- TASK GOAL:
The pictures must be left out, while the rest of the data is copied exactly.

- EXERCISE INPUT:
- - - - -

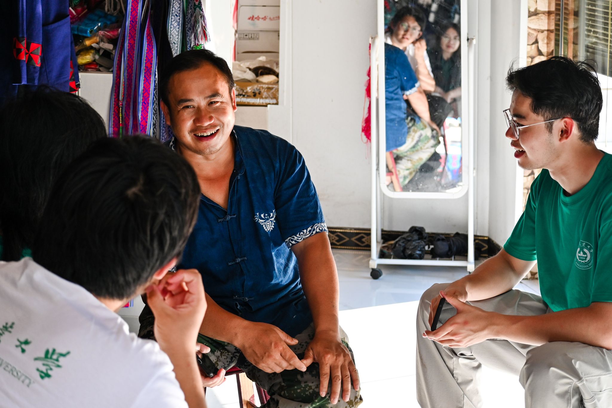 河坝村位于麻江县东部,瑶族村民占94%以上,是瑶族国家级非物质文化遗产枫香印染的发源地。在麻江县乡村振兴研究院办公室姜德松的带领下,实践团成员参观了建设中的枫香印染博物馆。非遗传承人、龙山镇河坝村委会主任龙全成为大家细致介绍河坝片区枫香印染技艺、瑶族服饰、瑶族婚俗、瑶年等代表性传承人的风采。随后,实践团跟随龙全成前往麻江瑶之韵成秀文化工坊进行参观,并深入访谈龙全成,了解南京农业大学驻村干部帮助河坝村建成首个“公司+工坊”非遗基地的故事。
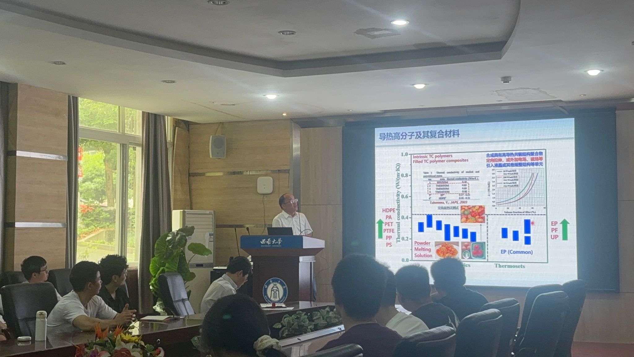 顾军渭教授作为国内材料科学领域的知名学者,围绕“结构/功能高分子复合材料(SFPC)在导热散热领域的研究进展”这一主题,为我院师生带来了一场精彩纷呈的学术报告。他指出,随着航空航天武器装备、特高压输电设备和5G通讯智能化控制系统等电子和电气技术的高速发展,日益突出的导散热问题已成为阻碍大功率电子元器件、超大规模和超高速集成电路,以及特高压输电设备乃至整个电子、电气产业发展的瓶颈问题。高分子材料虽然具有质轻、易成型加工、化学稳定性优良和成本低等显著优点,但其本体导热系数低,难以满足高功率化、高密度化和高集成化电子元器件以及特高压输电设备对高效快速导/散热的需求。针对这一挑战,顾教授详细介绍了其课题组在分子微观结构的有序设计、多尺度导热通路设计,导热填料-导热填料、导热填料-高分子基体界面优化调控,导热模型、导热经验方程构建及导热机理丰富等方面的研究进展。报告内容深入浅出,既有理论深度,又紧密结合实际应用,充分展现了高分子复合材料在导热散热领域的广阔前景与重要意义,引发了在场师生的热烈讨论与高度关注。
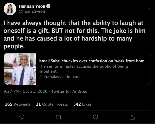 “I have always thought that the ability to laugh at oneself is a gift. BUT not for this. The joke is him and he has caused a lot of hardship to many people,” Hannah added in another post. This came as a response when the minister had the audacity to just “chuckle” after hearing about the rakyat’s confusion on the matter.
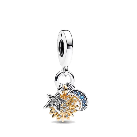 S925 Sterling Silver Two-tone Splittable Sun & Moon Dangle Charm
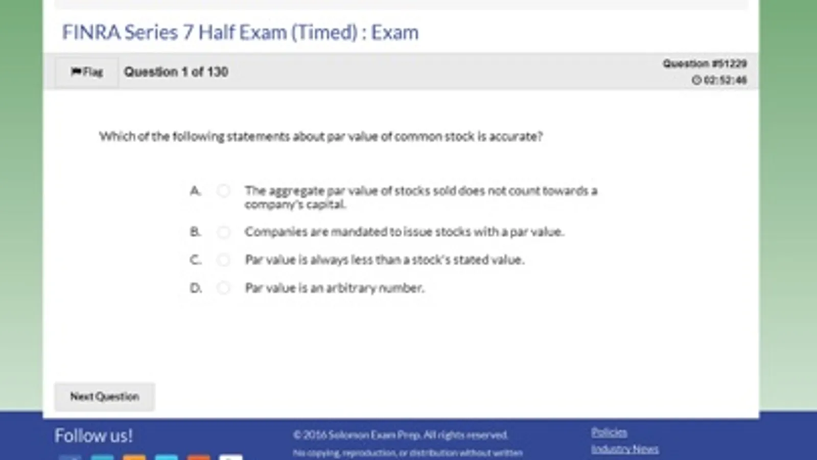 Solomon Exam Prep has helped thousands of financial professionals pass their FINRA, NASAA, and MSRB licensing exams, including the Series 6, Series 63, Series 65, Series 66, Series 7, Series 24, Series 26, Series 27, Series 28, Series 50, Series 51, Series 52, Series 53, Series 62, Series 79, Series 82 and the Series 99.
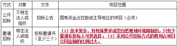 【注意】相關(guān)概念:必須招標(biāo)的項目(對應(yīng)可以不招標(biāo)的項目)、必須公開招標(biāo)的項目(對應(yīng)可以邀請招標(biāo)的項目)
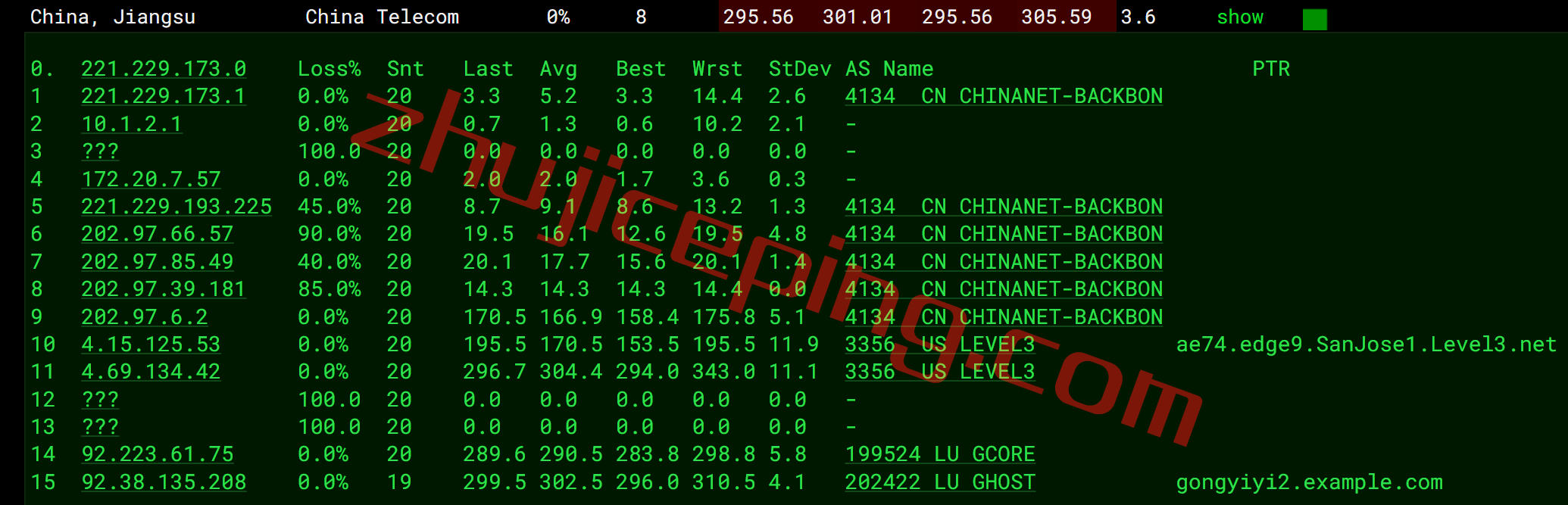 电信回程:走level3到圣何塞然后返回国内,纯国际线路
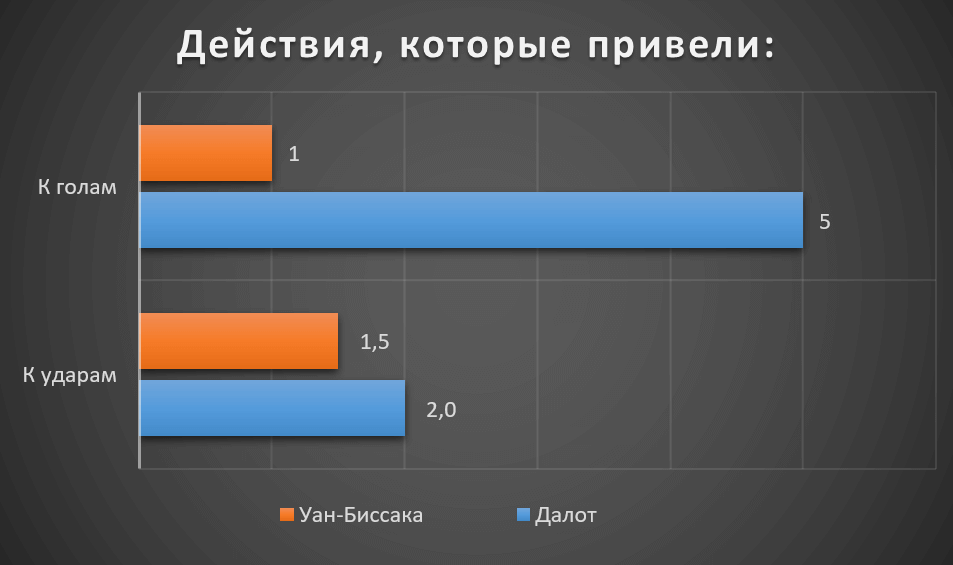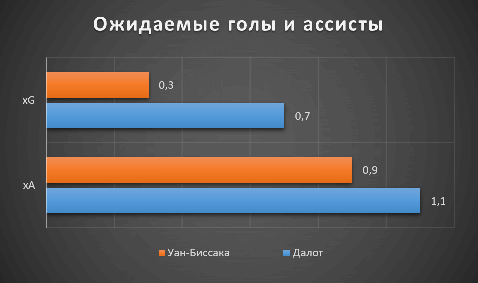 Что это значит: подсчитываются пасы, обводки, удары, заработанные фолы или даже отборы, в результате которых команда игрока нанесла удар или же забила гол. И в данном аспекте у Далота опять большое преимущество. Если моменты для ударов португалец создает не сильно чаще англичанина (но все еще чаще), то вот вклад в количество забитых голов у него явно повесомее. Действия Диогу у чужих ворот принесли «Юнайтед» пять голов, в то время как потуги Аарона всего один.
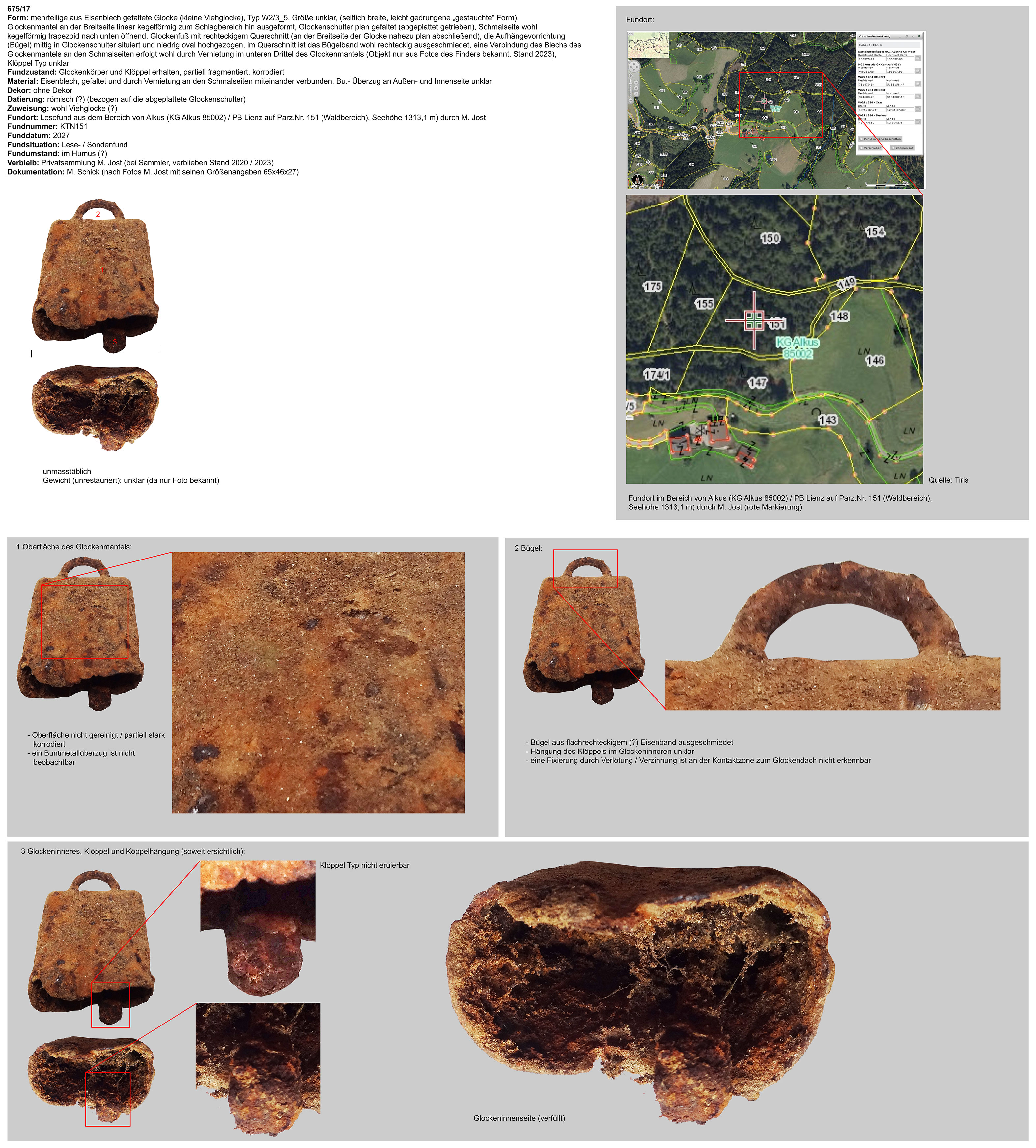 Formale Kriterien: seitlich breite, leicht gedrungene, gestauchte Form; Breitseite der Glocke linear keilförmig nach oben verjüngend; Schmalseite wohl keilförmig zum Schlag hin erweitert; Bügel wenig hochgezogen, mittig in Glockenschulter situiert, oval mit rechteckigem Querschnitt, stark von Schulter abgesetzt; Schlag relativ plan abschießend, Schlagquerschnitt rechteckig; Glockendach flach ausgeformt (abgeplattet); umgangssprachliche Bezeichnung: Keilschelle
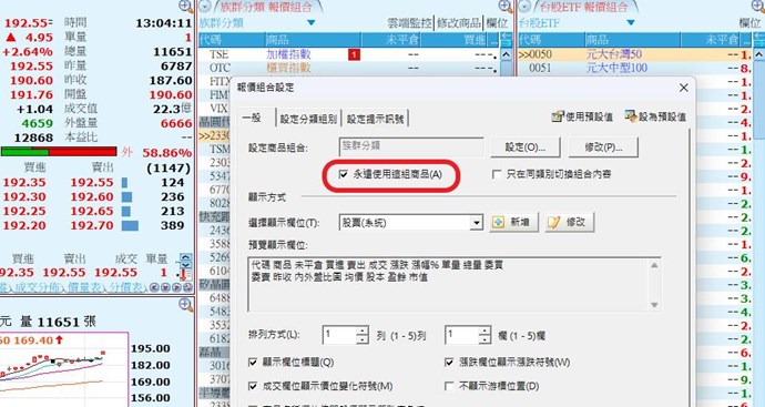 1、請將A、B欄框個別按右鍵/設定,報價組合要設定為"永遠使用這組商品"

- - - - -

- TASK RESPONSE:
 河坝村位于麻江县东部,瑶族村民占94%以上,是瑶族国家级非物质文化遗产枫香印染的发源地。在麻江县乡村振兴研究院办公室姜德松的带领下,实践团成员参观了建设中的枫香印染博物馆。非遗传承人、龙山镇河坝村委会主任龙全成为大家细致介绍河坝片区枫香印染技艺、瑶族服饰、瑶族婚俗、瑶年等代表性传承人的风采。随后,实践团跟随龙全成前往麻江瑶之韵成秀文化工坊进行参观,并深入访谈龙全成,了解南京农业大学驻村干部帮助河坝村建成首个“公司+工坊”非遗基地的故事。
 顾军渭教授作为国内材料科学领域的知名学者,围绕“结构/功能高分子复合材料(SFPC)在导热散热领域的研究进展”这一主题,为我院师生带来了一场精彩纷呈的学术报告。他指出,随着航空航天武器装备、特高压输电设备和5G通讯智能化控制系统等电子和电气技术的高速发展,日益突出的导散热问题已成为阻碍大功率电子元器件、超大规模和超高速集成电路,以及特高压输电设备乃至整个电子、电气产业发展的瓶颈问题。高分子材料虽然具有质轻、易成型加工、化学稳定性优良和成本低等显著优点,但其本体导热系数低,难以满足高功率化、高密度化和高集成化电子元器件以及特高压输电设备对高效快速导/散热的需求。针对这一挑战,顾教授详细介绍了其课题组在分子微观结构的有序设计、多尺度导热通路设计,导热填料-导热填料、导热填料-高分子基体界面优化调控,导热模型、导热经验方程构建及导热机理丰富等方面的研究进展。报告内容深入浅出,既有理论深度,又紧密结合实际应用,充分展现了高分子复合材料在导热散热领域的广阔前景与重要意义,引发了在场师生的热烈讨论与高度关注。
 “I have always thought that the ability to laugh at oneself is a gift. BUT not for this. The joke is him and he has caused a lot of hardship to many people,” Hannah added in another post. This came as a response when the minister had the audacity to just “chuckle” after hearing about the rakyat’s confusion on the matter.
 S925 Sterling Silver Two-tone Splittable Sun & Moon Dangle Charm
 Solomon Exam Prep has helped thousands of financial professionals pass their FINRA, NASAA, and MSRB licensing exams, including the Series 6, Series 63, Series 65, Series 66, Series 7, Series 24, Series 26, Series 27, Series 28, Series 50, Series 51, Series 52, Series 53, Series 62, Series 79, Series 82 and the Series 99.
 【注意】相關(guān)概念:必須招標(biāo)的項目(對應(yīng)可以不招標(biāo)的項目)、必須公開招標(biāo)的項目(對應(yīng)可以邀請招標(biāo)的項目)
 电信回程:走level3到圣何塞然后返回国内,纯国际线路
 Что это значит: подсчитываются пасы, обводки, удары, заработанные фолы или даже отборы, в результате которых команда игрока нанесла удар или же забила гол. И в данном аспекте у Далота опять большое преимущество. Если моменты для ударов португалец создает не сильно чаще англичанина (но все еще чаще), то вот вклад в количество забитых голов у него явно повесомее. Действия Диогу у чужих ворот принесли «Юнайтед» пять голов, в то время как потуги Аарона всего один.
 Formale Kriterien: seitlich breite, leicht gedrungene, gestauchte Form; Breitseite der Glocke linear keilförmig nach oben verjüngend; Schmalseite wohl keilförmig zum Schlag hin erweitert; Bügel wenig hochgezogen, mittig in Glockenschulter situiert, oval mit rechteckigem Querschnitt, stark von Schulter abgesetzt; Schlag relativ plan abschießend, Schlagquerschnitt rechteckig; Glockendach flach ausgeformt (abgeplattet); umgangssprachliche Bezeichnung: Keilschelle
 1、請將A、B欄框個別按右鍵/設定,報價組合要設定為"永遠使用這組商品"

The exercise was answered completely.